_Task brief_.
Look for the line that has "Both sessions available" in the material below; please repeat it and every line after it, exactly, up to and including the line that has "with graceful movements", and nothing else.

_Provided material_.

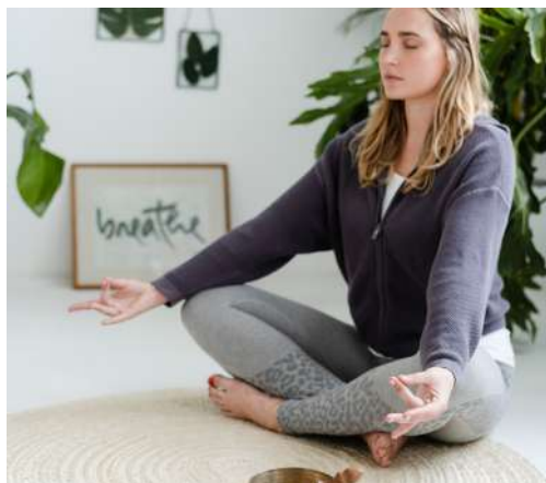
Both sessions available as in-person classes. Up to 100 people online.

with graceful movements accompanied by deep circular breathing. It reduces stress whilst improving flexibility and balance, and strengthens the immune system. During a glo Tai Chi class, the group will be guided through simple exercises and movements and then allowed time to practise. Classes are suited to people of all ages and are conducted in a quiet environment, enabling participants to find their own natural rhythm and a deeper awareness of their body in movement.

==

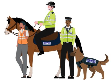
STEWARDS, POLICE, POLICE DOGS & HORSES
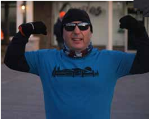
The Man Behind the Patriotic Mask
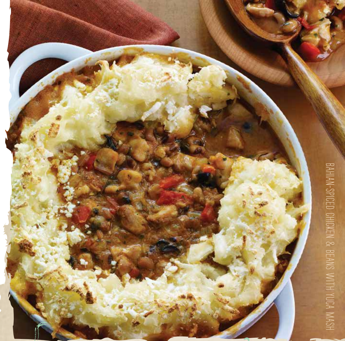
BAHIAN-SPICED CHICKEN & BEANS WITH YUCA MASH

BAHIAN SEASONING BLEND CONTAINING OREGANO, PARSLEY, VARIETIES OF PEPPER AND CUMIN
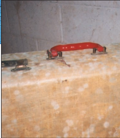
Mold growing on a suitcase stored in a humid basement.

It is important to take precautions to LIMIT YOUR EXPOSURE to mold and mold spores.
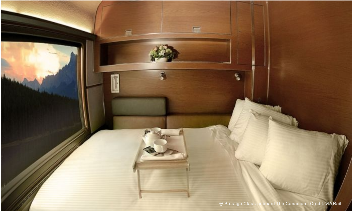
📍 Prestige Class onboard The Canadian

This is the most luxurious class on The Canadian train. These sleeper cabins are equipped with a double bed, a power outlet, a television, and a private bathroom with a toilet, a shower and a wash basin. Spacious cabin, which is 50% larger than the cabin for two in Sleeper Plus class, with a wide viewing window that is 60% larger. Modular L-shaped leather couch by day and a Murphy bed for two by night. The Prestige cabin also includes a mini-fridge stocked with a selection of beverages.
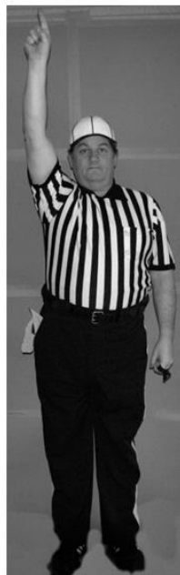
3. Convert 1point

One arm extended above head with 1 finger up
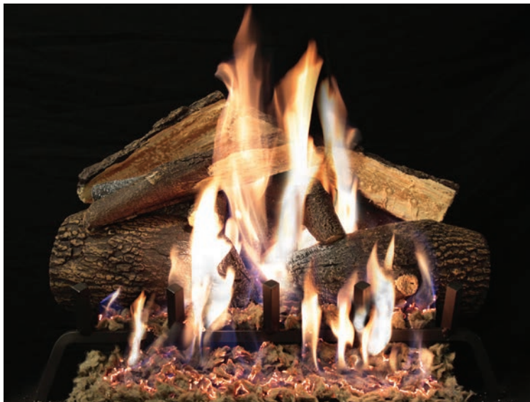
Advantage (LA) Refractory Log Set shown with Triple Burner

* * *

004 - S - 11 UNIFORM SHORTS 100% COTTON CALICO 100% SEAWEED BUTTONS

_Answer space_.
Both sessions available as in-person classes. Up to 100 people online.

with graceful movements accompanied by deep circular breathing. It reduces stress whilst improving flexibility and balance, and strengthens the immune system. During a glo Tai Chi class, the group will be guided through simple exercises and movements and then allowed time to practise. Classes are suited to people of all ages and are conducted in a quiet environment, enabling participants to find their own natural rhythm and a deeper awareness of their body in movement.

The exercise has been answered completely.